Reproduce the data that follows character for character, but omit its pictures.

DATA EXTRACT
[Start of Attachment]

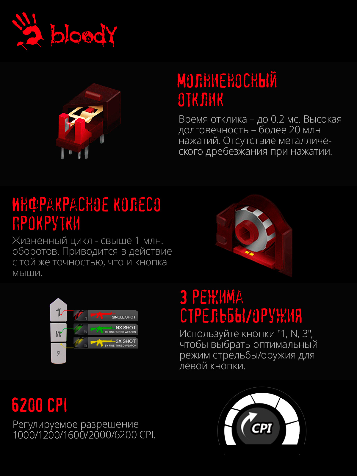 | Особенности | Молниеносный отклик. Время отклика – до 0.2 мс. Высокая долговечность - более 20 млн нажатий. Отсутствие металлического дребезжания при нажатии. Используются переключатели LK. Подсветка рисунка Neon. Игровой сенсор Pixart PMW3327. поддержка функции Drug click | |
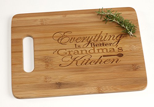 Everything is Better In Grandma's Kitchen Engraved Bamboo Wood Cutting Board with Handle for Mother's Day
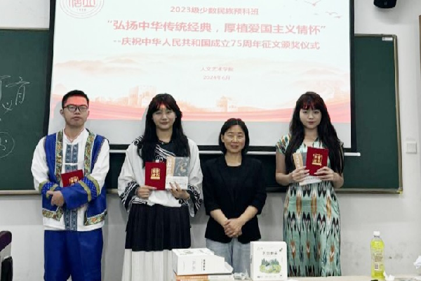 为进一步深化民族团结进步教育,厚植少数民族学生爱国情怀,近日,人文艺术学院2023级少数民族预科班“弘扬中华传统经典 厚植爱国主义情怀”——庆祝中华人民共和国成立75周年征文颁奖仪式顺利举行。预科班全体学生参加仪式,预科班《大学语文》系列课程教师马建红、黄怡出席仪式并为获奖学生颁发荣誉证书和奖品。
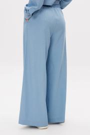 Брюки свободные, на эластичном поясе, с прорезными боковыми карманами.
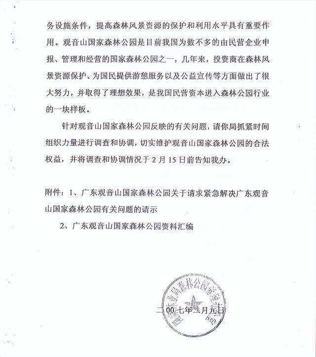 2004年6月起,观音山又向樟木头镇政府3次书面报告申报国家级森林公园的情况和面临的困难,希望镇政府出面支持,向东莞市林业局报送有关申报资料。但镇政府也以没有先例为由拒绝。
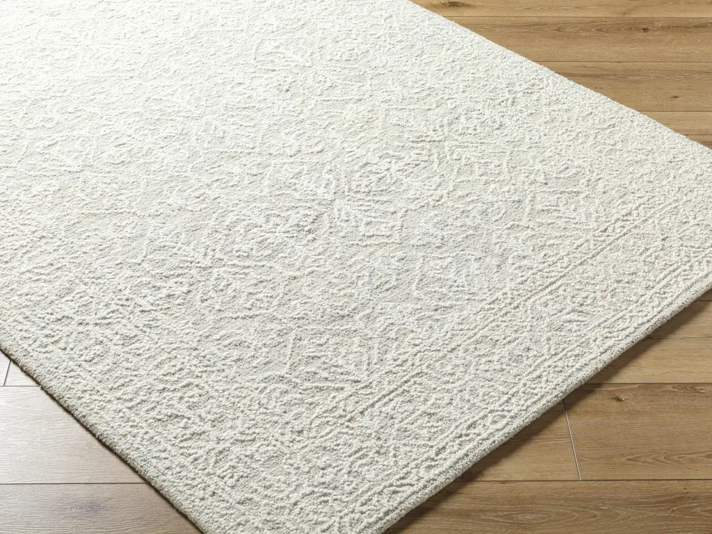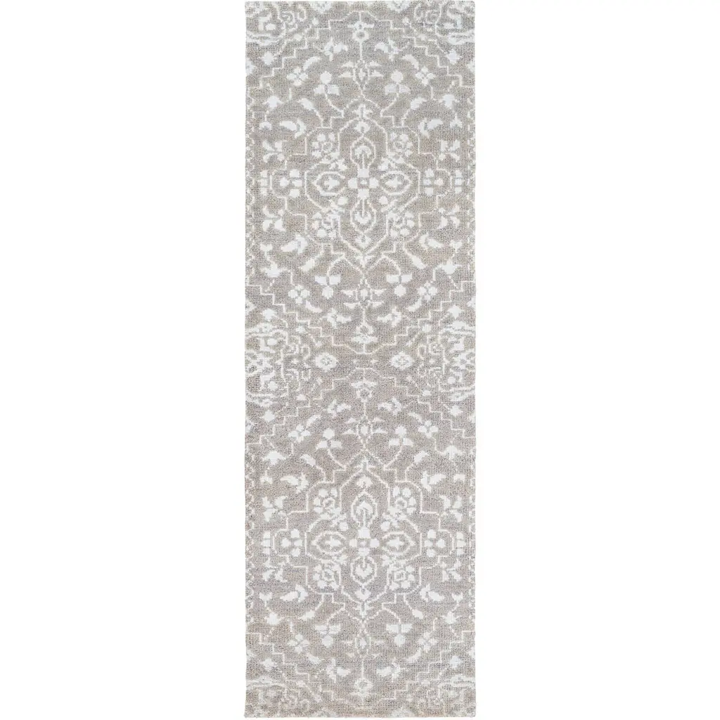 Collection: Yadid Colors: Light Silver, Ash, Silver Gray Construction: Hand Tufted Material: 100% Wool Pile: Medium Pile Pile Height: 0.28" Styles: Traditional Backing: Canvas Made In: India Thickness: 0.55" Price Range: $$$$$ (Affordable)

[End of Attachment]

ANSWER SECTION
 | Особенности | Молниеносный отклик. Время отклика – до 0.2 мс. Высокая долговечность - более 20 млн нажатий. Отсутствие металлического дребезжания при нажатии. Используются переключатели LK. Подсветка рисунка Neon. Игровой сенсор Pixart PMW3327. поддержка функции Drug click | |
 Everything is Better In Grandma's Kitchen Engraved Bamboo Wood Cutting Board with Handle for Mother's Day
 为进一步深化民族团结进步教育,厚植少数民族学生爱国情怀,近日,人文艺术学院2023级少数民族预科班“弘扬中华传统经典 厚植爱国主义情怀”——庆祝中华人民共和国成立75周年征文颁奖仪式顺利举行。预科班全体学生参加仪式,预科班《大学语文》系列课程教师马建红、黄怡出席仪式并为获奖学生颁发荣誉证书和奖品。
 Брюки свободные, на эластичном поясе, с прорезными боковыми карманами.
 2004年6月起,观音山又向樟木头镇政府3次书面报告申报国家级森林公园的情况和面临的困难,希望镇政府出面支持,向东莞市林业局报送有关申报资料。但镇政府也以没有先例为由拒绝。
 Collection: Yadid Colors: Light Silver, Ash, Silver Gray Construction: Hand Tufted Material: 100% Wool Pile: Medium Pile Pile Height: 0.28" Styles: Traditional Backing: Canvas Made In: India Thickness: 0.55" Price Range: $$$$$ (Affordable)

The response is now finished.